4. Algorithmic and Systemic Mechanisms

Sound infusion architectures leverage a broad array of algorithmic primitives, including:

Diffusion-based generative modeling: All major advanced sound infusions utilize diffusion models, either for direct waveform synthesis (“text-to-audio”), spatial encoding (ambisonic latents), or guided deterministic inversion.
Latent conditioning and cross-attention: Fine-grained alignment and manipulation are achieved via cross-attention layers linking audio and non-audio modality representations (text tokens, embeddings of spatial parameters, or images), as in Auffusion and Mix2Morph (Xue et al., 2024, Chu et al., 28 Jan 2026).
Conditional separation and semantic embedding: In universal source separation, semantic embeddings from large-scale classifiers are injected to guide and improve separation quality, yielding measurable SNR gain (Tzinis et al., 2019).
Physical signal processing: Systems like Cymatics Cup and UltrasonicSpheres implement AM/FDM carrier-based signal chains, controlling propagation and demodulation of multiple sound streams in either physical liquids or spatial sound zones, with well-characterized beam patterns, cross-talk suppression, and perceptual SNR (Küttner et al., 3 Jun 2025).

5. Applications, Evaluation Protocols, and Experimental Validation

Sound infusions are validated across objective and subjective protocols—both in pure acoustic domains and in multi- or cross-modal deployments:

Objective metrics: FAD, Mel/STFT distances, latent compressibility, clustering in semantic embedding space, spatial accuracy (in FOA), and SNR for separation/morphing.
Subjective evaluation: MOS (Mean Opinion Score), forced-choice categorization, cross-modal perception (taste/vision), physical experiment (e.g., pointing error in spatial zones).
Representative use cases: Asymmetric sound design (e.g., infusing timbre or environment into a primary source), adaptive and individualized spatial soundscapes in VR/AR or public installations, multisensory augmentation in gastronomy, and localized, unobtrusive sound delivery without physical barriers.

6. Limitations and Future Perspectives

Limitations are context-dependent. In generative fusion, maintaining a balance between structural preservation and genuine novelty is non-trivial and subject to the granularity/location of latent injection and the noise schedule.

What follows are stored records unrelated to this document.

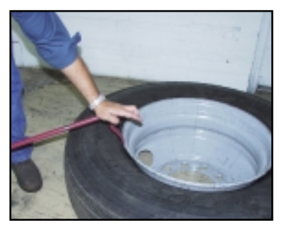
Keeping fingers out of the area between tool and tire/wheel, fully insert small end , between rim and tire bead nearest you, in top bead of tire.
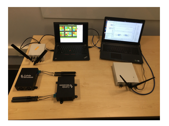
Fig. 4. Testbed configuration for the demo.
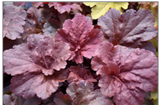
Primo Mahogany Monster Coral Bells foliage
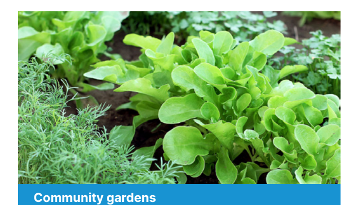
The Board, therefore, requested the Council to actively support food security initiatives by providing initial funding through the

establishment phase of suitable spaces for the location of Food Forests and community gardens in the Rangiora-Ashley Ward.
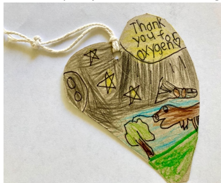
Valentine for a Tree by Jaxon Belét, First Grade

Writing extension: Perhaps you can write in your journal about making your Valentine for a tree!
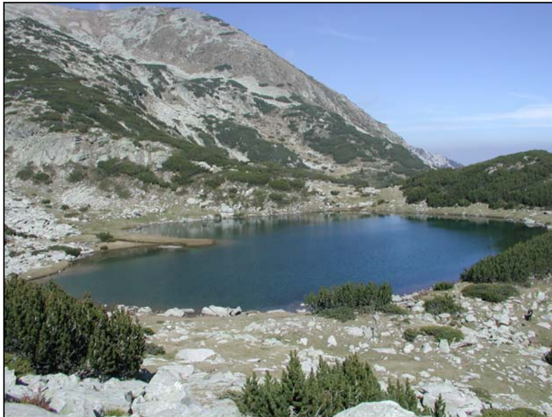
Muratovo Lake - Pirin mt.
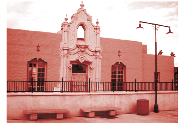
Glendale Transportation Center
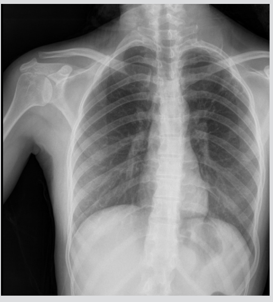
Figure 2. Chest radiography showing opacity projecting from the posterior arch of the first left rib
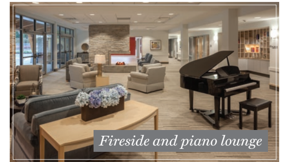
Fireside and piano lounge
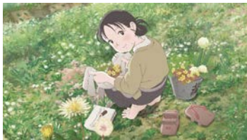
『In This Corner of the World』
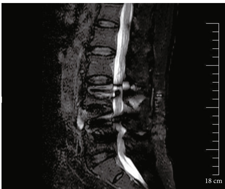
FIGURE 3: Preoperative MRI of the fourth and fifth lumbar spine.

patient was an elderly diabetic patient with long-term pain in both lower limbs after the operation. Imaging manifestations of fungal infections are obtained. Postoperative fungemia is closely associated with the patient's advanced age and diabetes [6, 7]. The study by Quindós [8] showed that mycelia in the elderly lack typical symptoms of bacteremia. Most of the symptoms of systemic poisoning in osteomyelitis are mild and local acute inflammation comes slowly, such as
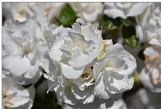
Hardy Gardenia Azalea flowers

Hardy Gardenia Azalea will grow to be about 3 feet tall at maturity, with a spread of 3 feet. It has a low canopy. It grows at a slow rate, and under ideal conditions can be expected to live for 40 years or more.
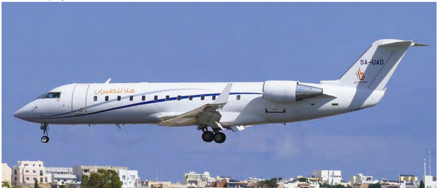
Libyan VIP charter operator Hala Air launched services in early November 2020. It mainly caters for diplomats, business leaders and political VIPs. Their only aircraft is this Challenger 850 registered as 5A-UAD. (Malta-Luqa, 17 October 2021,)
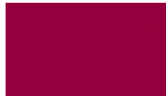
77 64675 Dark Purple
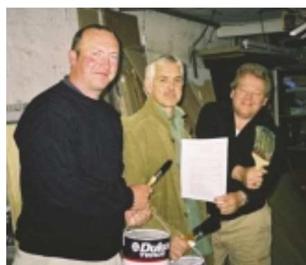
Signing up: Gloucestershire Contracting Partnership

– what councils etc call 'procurement'. The co-operative allows businesses to bid jointly for much bigger contracts than they could manage on their own. With so much emphasis now being placed on keeping money in the local economy, this may well be the shape of businesses to come.
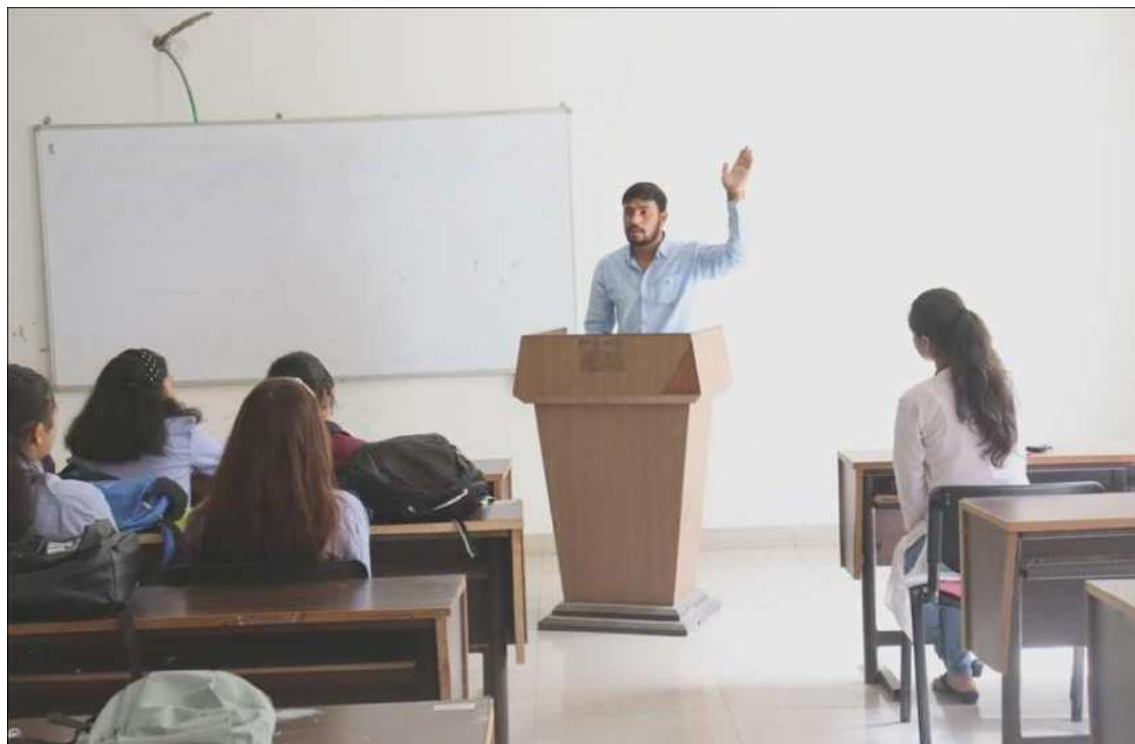
Image from workshop on Professional Ethics on the topic "Professional Ethics and Holistic Well-being"
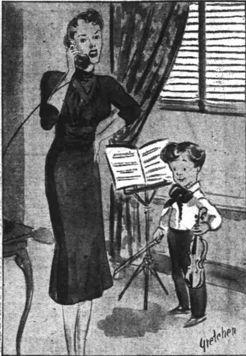
"I wish you'd speak to Junior when you come home. He's been swinging the Brahms concerto in G Major again!"
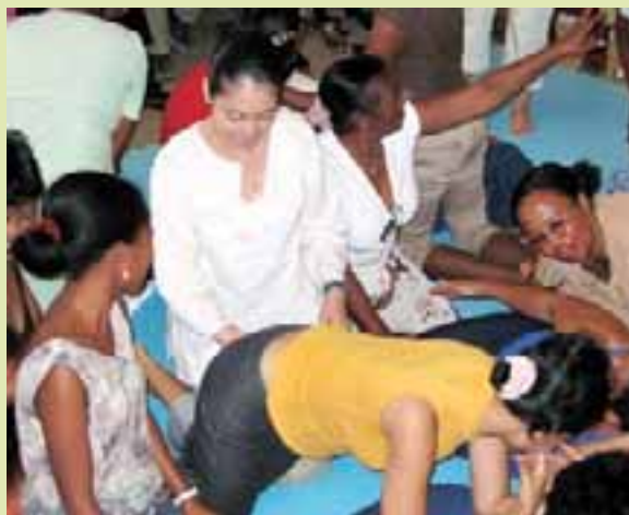
Birth attendants in Boeny Region participating in childbirth assistance training. Together they consider what constitutes safe and comforting assistance.
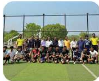
INTER COLLEGE FOOTBALL TOURNAMENT

Cultural activities are the best means to reflect the values and beliefs of a community. ITM MBA Arts Club is a cultural platform for the students.
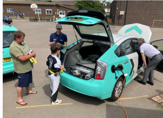
Maidenhead Roadshow Day – 25 June 22
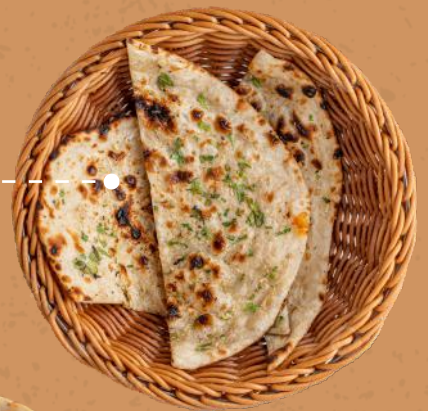
Chili Corriander Naan
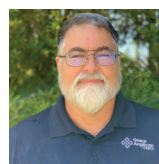
Rocky Shearin Campus Support
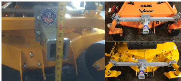
D'ttach Pile Driver Leaf Plow
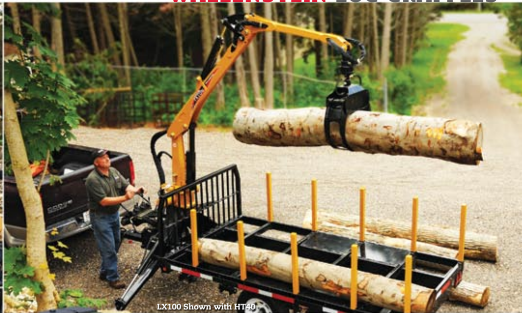
LX100 Shown with HT40

Cross-modal infusions may suffer from mapping ambiguities or interaction effects (e.g., vibration dampening taste). Spatial audio synthesis is limited by the quality of object detection, geometric localization, and real-time computational constraints. Room acoustic infusion methods are presently limited to the addition of reverberation and do not handle dereverberation or time-varying acoustics (Verma et al., 2022). Physical sound infusions must carefully trade amplitude and pattern stability against practical factors such as spillage, environmental interference, and user comfort (Chen et al., 2024, Küttner et al., 3 Jun 2025).

Across all domains, the field continues to push toward enhanced controllability, finer granularity in cross-modal alignment, real-time operation, and integration with both learned and physically-grounded models of perception and materiality.